4.1.3 - Price determination in a competitive market Flashcards
Define Demand?
Is the quantity of a good or service that consumers are able and willing to buy at a given price during a period of time
What is the relationship between the price and demand?
- Demand varies with price
- If the price is lower the more affordable the good and so consumer demand increases.
What are the factors that affect demand?
- Price
- Fashion
- Scarcity
- Price of other goods
- Income
- Substitutes
- Compliments
- Availability of credits
- Population
What does PIRATES stand for?
Population
Income
Related goods
Advertising
Tastes and fashions
Expectations
Seassonals
These are factors affectin demand
What is effective demand?
when a consumers desires to buy a product is backed up by an ability to pay for it
What is latent demand?
Exists when there is willingness to purchase a good but where the consumer lacks the real purchasing power to be able to afford the product.

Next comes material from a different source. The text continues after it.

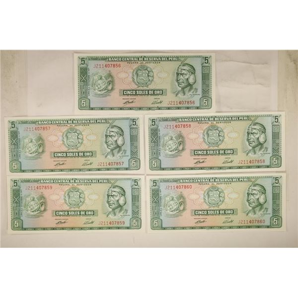1971 CENTRAL BANK OF PERU 5 SOLES CRISP UNC BILLS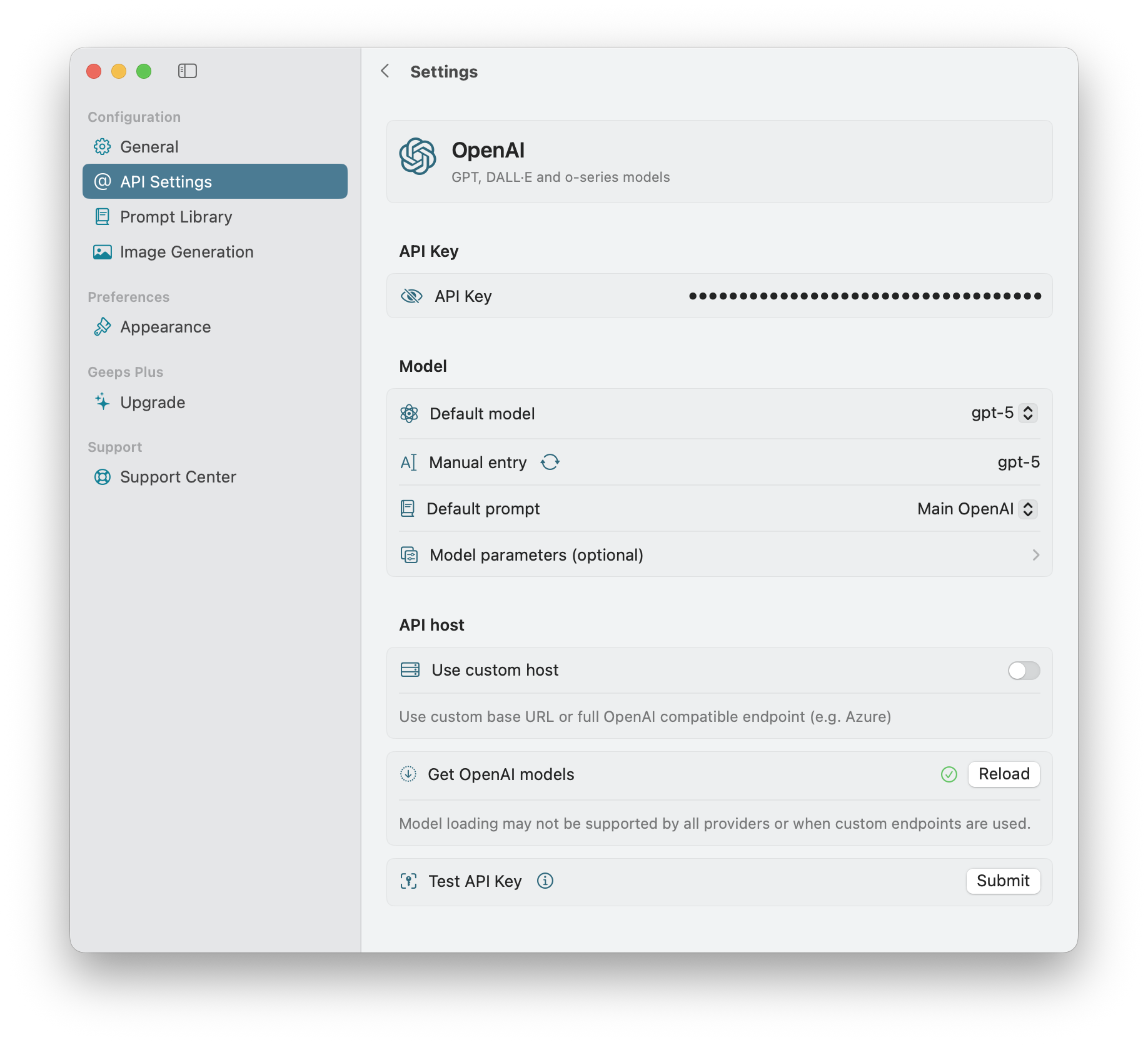 To start using Geeps you need an OpenAI API Key. Or multiple keys if you enabled multiple model providers.

Its affected by persuasive advertising
What is derived demand ?
The demand for product x might be strongly linked to the demand for the related product y - giving rise to the idea of a derived demand
Give an example of derived demand?
The housing market- When construction of new homes rises so too does the demand for materials used in new properties as well a demand for labour.
What is complementary demand?
As the demand for mobile phone handsets increases so too does demand for phone calls
Why is the demand curve downwards sloping?
- Lower prices consumers can afford to purchase more with income
- Secondly, a fall in price makes one goodrelatively cheaper than a substitue.
- Thirdly, a fall in price means that the consumer derives more benefit per pound spent on the product.
What is utility?
The measure of satisfaction that we get from purchasing and consuming a good or service.
What is total utility?
The total satisfaction from a given level of consumption.
What is amrginal utility?
The change in satisfaction from consuming an extra unit
What is the diminidhing marginal utility in terms of the demand curve?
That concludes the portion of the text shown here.